Proper regulation of phosphatidylcholine (PC) synthesis is essential for many aspects of cell physiology, with clinical and biotechnological applications. Therefore the work described in this proposal has significant potential to impact both the bioscience and industrial sectors with particular relevance to the strategic priorities of BBSRC in food, nutrition and health, bioenergy and industrial biotechnology.

(a) Our study of PC sensing and the regulators of CCTa in vivo can benefit the design of new compounds to modify CCTa subcellular localization and activity. It should be emphasized that the crystal structure and in vitro enzymology of CCTa have been studied, making it a good candidate for the future development of small molecule modifiers, once its in vivo regulation and activation is better established. This synergy would be particularly relevant for the following prevalent diseases:
(i) Inherited retinal degeneration (IRDs) disorders, as PC synthesis and CCTa activity appear critical for cone-rod function and mutations in the gene encoding CCTa have been associated with two types of IRD; retinal degeneration affects millions of people worldwide and can have a significant impact on their daily lives.
(ii) metabolic disorders such as obesity, fatty liver and type 2 diabetes, since CCTa activity has been shown to control lipid droplet dynamics, the organelles that store fat in cells; in addition loss of CCTa activity disrupts normal liver function in patients carrying mutations in the gene encoding CCTa; the increasing prevalence of these metabolic disorders in the UK represents a major health threat and results in rapidly growing costs on the national health system.
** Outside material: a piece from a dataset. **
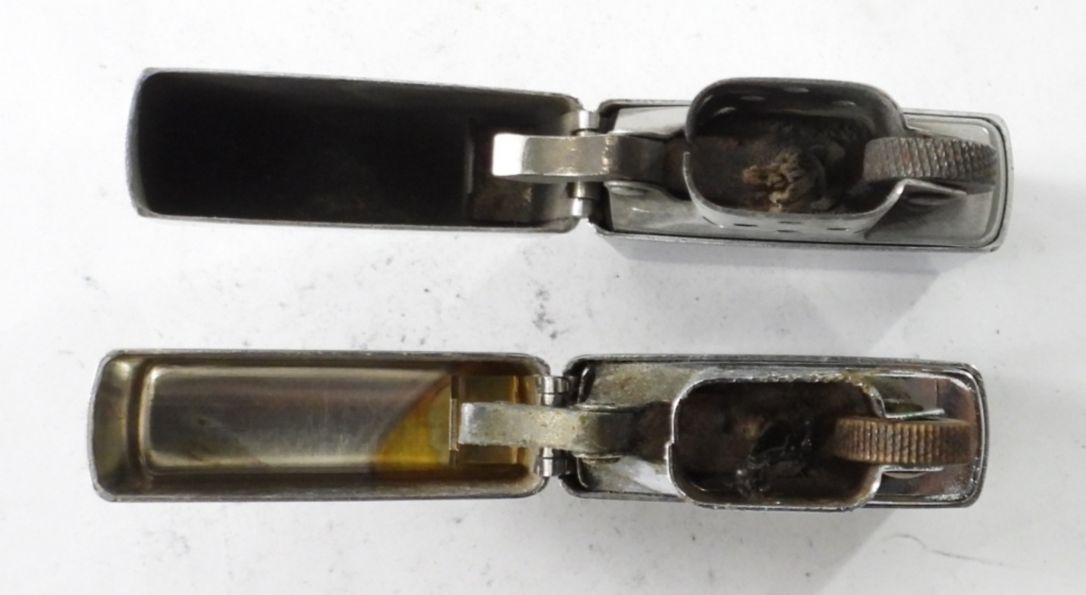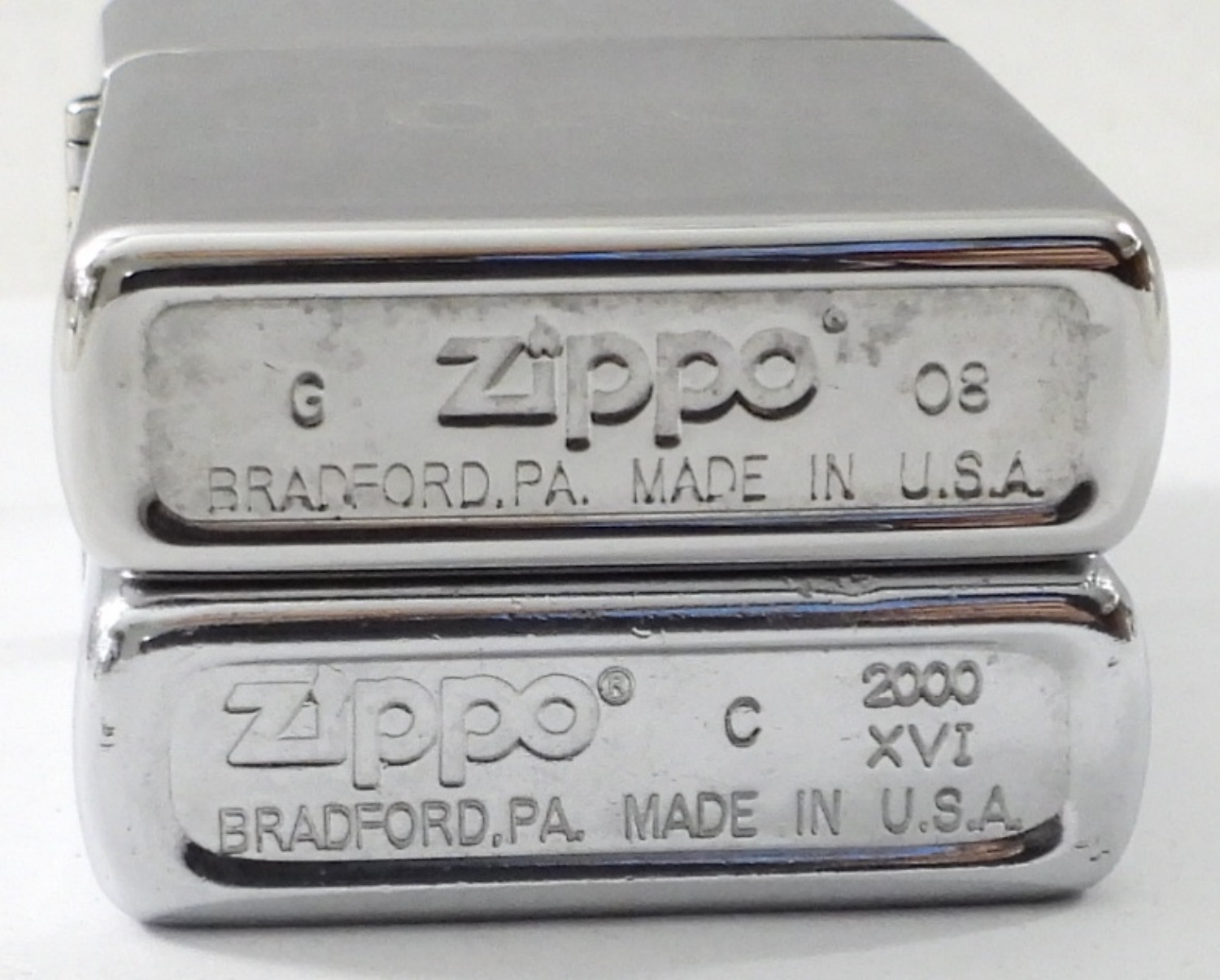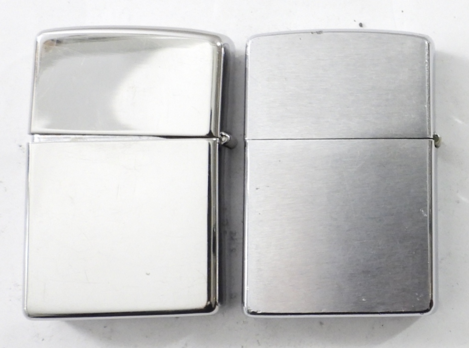 (2) SILVERTONE ZIPPOS, BOTH FIRED, ONE SHINEY CHROME FINISH ENGRAVED WITH “JORGE” ON FRONT, ONE BRUSHED SILVERTONE PLAIN
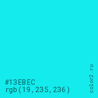 Цвет #13EBEC в цветовой модели RGB обозначается тремя октетами (19, 235, 236) в десятичном формате и #13EBEC в шестнадцатиричном (hex) формате, которые являются интенсивностью красного 19 (hex 13), интенсивность зелёного 235 (hex EB) и интенсивность синего 236 (hex EC).

(b) The project has also the potential to impact the development of drugs combating eukaryotic pathogens, including fungal species that are a major cause of infections worldwide: specific inhibition of membrane targeting and activation of fungal orthologues of CCTa, based on knoweledge gained from the budding yeast enzyme, has the potential to decrease membrane biogenesis and consequently their proliferative potential and infectivity. A number of antifungals target lipid metabolism.
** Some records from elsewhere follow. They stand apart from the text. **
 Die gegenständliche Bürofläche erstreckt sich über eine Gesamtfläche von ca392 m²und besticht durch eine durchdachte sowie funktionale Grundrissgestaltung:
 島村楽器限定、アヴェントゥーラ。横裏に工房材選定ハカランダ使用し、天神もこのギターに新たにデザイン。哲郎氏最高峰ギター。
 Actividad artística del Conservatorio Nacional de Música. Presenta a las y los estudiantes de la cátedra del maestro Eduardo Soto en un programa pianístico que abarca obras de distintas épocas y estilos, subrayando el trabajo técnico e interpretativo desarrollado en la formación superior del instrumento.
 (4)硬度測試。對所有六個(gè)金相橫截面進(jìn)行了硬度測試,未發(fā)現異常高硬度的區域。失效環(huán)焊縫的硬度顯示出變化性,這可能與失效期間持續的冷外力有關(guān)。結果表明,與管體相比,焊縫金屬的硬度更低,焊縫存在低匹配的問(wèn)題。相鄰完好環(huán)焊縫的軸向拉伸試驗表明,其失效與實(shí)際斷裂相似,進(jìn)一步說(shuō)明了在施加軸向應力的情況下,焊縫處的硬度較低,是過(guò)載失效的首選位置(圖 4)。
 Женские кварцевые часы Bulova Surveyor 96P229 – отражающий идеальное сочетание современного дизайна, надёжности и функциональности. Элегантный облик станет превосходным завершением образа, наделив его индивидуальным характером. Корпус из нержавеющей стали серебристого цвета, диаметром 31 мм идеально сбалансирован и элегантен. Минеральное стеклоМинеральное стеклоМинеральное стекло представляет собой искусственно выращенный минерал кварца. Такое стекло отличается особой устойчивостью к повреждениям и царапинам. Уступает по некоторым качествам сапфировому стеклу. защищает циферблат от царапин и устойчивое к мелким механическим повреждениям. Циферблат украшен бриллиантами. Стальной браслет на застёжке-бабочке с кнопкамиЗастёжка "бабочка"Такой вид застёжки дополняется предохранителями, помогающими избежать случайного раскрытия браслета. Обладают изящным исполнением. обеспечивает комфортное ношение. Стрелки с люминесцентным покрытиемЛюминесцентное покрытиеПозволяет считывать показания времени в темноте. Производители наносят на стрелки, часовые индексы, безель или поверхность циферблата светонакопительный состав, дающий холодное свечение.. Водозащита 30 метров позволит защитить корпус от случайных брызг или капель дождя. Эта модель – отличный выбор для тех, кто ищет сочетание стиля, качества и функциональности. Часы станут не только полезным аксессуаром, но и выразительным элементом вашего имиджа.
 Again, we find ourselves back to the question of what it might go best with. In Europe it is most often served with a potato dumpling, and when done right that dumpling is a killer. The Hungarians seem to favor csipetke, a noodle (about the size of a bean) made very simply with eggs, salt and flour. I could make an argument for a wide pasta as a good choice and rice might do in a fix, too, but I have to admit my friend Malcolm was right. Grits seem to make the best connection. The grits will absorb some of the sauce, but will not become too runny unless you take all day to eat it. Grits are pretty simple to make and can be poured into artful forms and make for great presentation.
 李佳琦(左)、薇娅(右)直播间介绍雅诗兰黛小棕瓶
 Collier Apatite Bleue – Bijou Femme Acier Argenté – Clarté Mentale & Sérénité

(b) Metabolic engineering of microorganisms and plants to increase TAG production is attracting growing attention as a means to generate new sources of (1) feedstock for biodiesel production, a carbon-neutral and environmentally beneficial alternative to fossil fuels and (2) fatty acids for nutritional use by the biotech and pharmaceutical industry. The generation of sustainable new energy supplies is a priority of the UK government. CCTa is highly conserved in eukaryotic microorganisms, algae (an emerging biodiesel feedstock for oil production) and plants and therefore the mechanisms that govern its activity are prime targets for metabolic engineering strategies that could lead to an increase in lipid droplet biogenesis.

(c) Benefit to the public is generated through a combination of the above factors. Specifically, the public will benefit because of the advancement of basic knowledge and the positive impact on improving health in the UK.